Marvel's Guardians of the Galaxy Prelude #1

Specifically set in the Marvel Cinematic Universe, "Marvel's Guardians of the Galaxy Prelude" #1 has the same spirit as the volume of "Guardians of the Galaxy" that inspired the film's cast of characters, in no small part due to the contributions of Dan Abnett and Andy Lanning.

This two-issue series is the forerunner to the cinematic version of the Guardians, less about the team to be featured in "Marvel's Guardians of the Galaxy" film than it is about the galaxy that team inhabits. The Infinite Comic released earlier in the week adds depth to the story here, but Abnett and Lanning provide more than enough for readers to sink their teeth in to with the painful origin of Nebula. Much of "Marvel's Guardians of the Galaxy Prelude" #1 is set in flashback and, in doing so, brings up Nebula's shared past with Gamora under the tutelage of Thanos. Abnett and Lanning take the readers into Nebula's mind and help define her drive, in the process explaining her relationship with Gamora quite thoroughly. In doing this the duo provides readers with a smart balance of character and action.

"Marvel's Guardians of the Galaxy Prelude" #1 is very well drawn, showcasing Wellington Alves' ability to craft worlds and create distinguishable characters.
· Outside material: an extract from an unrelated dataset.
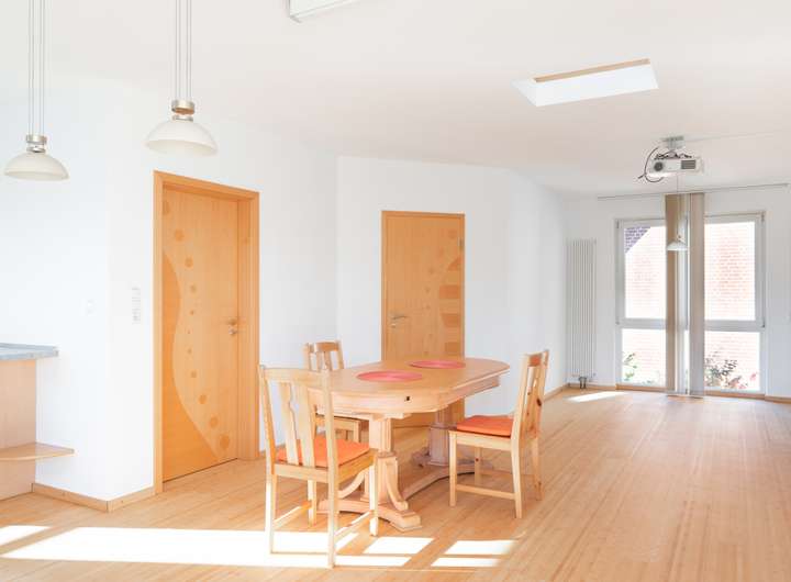 Ob beim Sonnen auf dem herrlich großen Balkon, beim Beisammensein im offen Wohn-, Ess- und Kochbereich oder beim Aktivsein im lichtdurchfluteten Atelier mit bis zu ca. 3,90 m Deckenhöhe. Hier können Sie in privater Atmosphäre abschalten und dem Alltagsstress entkommen.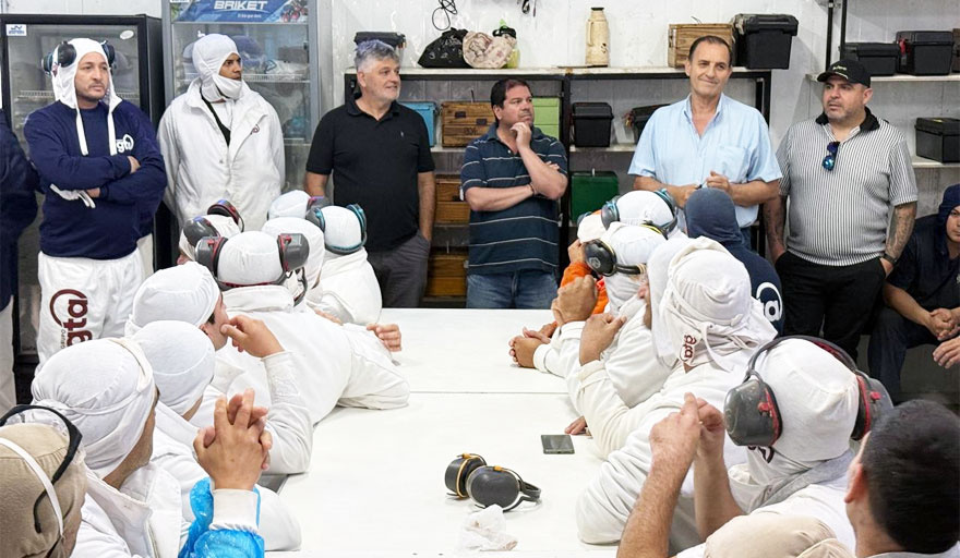 Participaron de la asamblea el Secretario General de la filial Concepción del Uruguay, Sergio Vereda; el Secretario de Organización de la Federación de la Carne, Carlos Molinares; y el integrante de la Junta Directiva Nacional, Félix Coto, junto a delegados y trabajadores del frigorífico.

The opening panel of the book fills the top half of the first page with a meticulously crafted utterly gorgeous close-up image of Nebula's face through the blast shield of a helmet, with heads-up readouts lighting the faceplate and stars reflecting on the other side. That composition makes me think that maybe this story was intended to be a digital-first release (or maybe it already was and I somehow missed it) as it would have completely filled the screen with a jaw-dropping introduction to a character designed to give Gamora a run for her money in a "toughest being competition." Alves' work throughout the issue is solid and well-crafted, short on money shots but deep on storytelling. Jay David Ramos' colors trend toward the pastels a bit more than I prefer in my superhero comics, but this is as much a sci-fi adventure as it is a superhero comic. Clayton Cowles' letters are the icing on this interstellar visual cake, giving Nebula's thoughts and memories emotional charge beyond the story and the art.

Given that "Marvel's Guardians of the Galaxy" is being compared to "Star Wars," I hope that is a harbinger of good things to come. As Marvel did between "Star Wars" films back in the 1970s and 1980s, I can only hope they choose to provide readers with comics that continue to expand the Guardians of the Galaxy's universe. So long as Abnett and Lanning are on tap, more, please.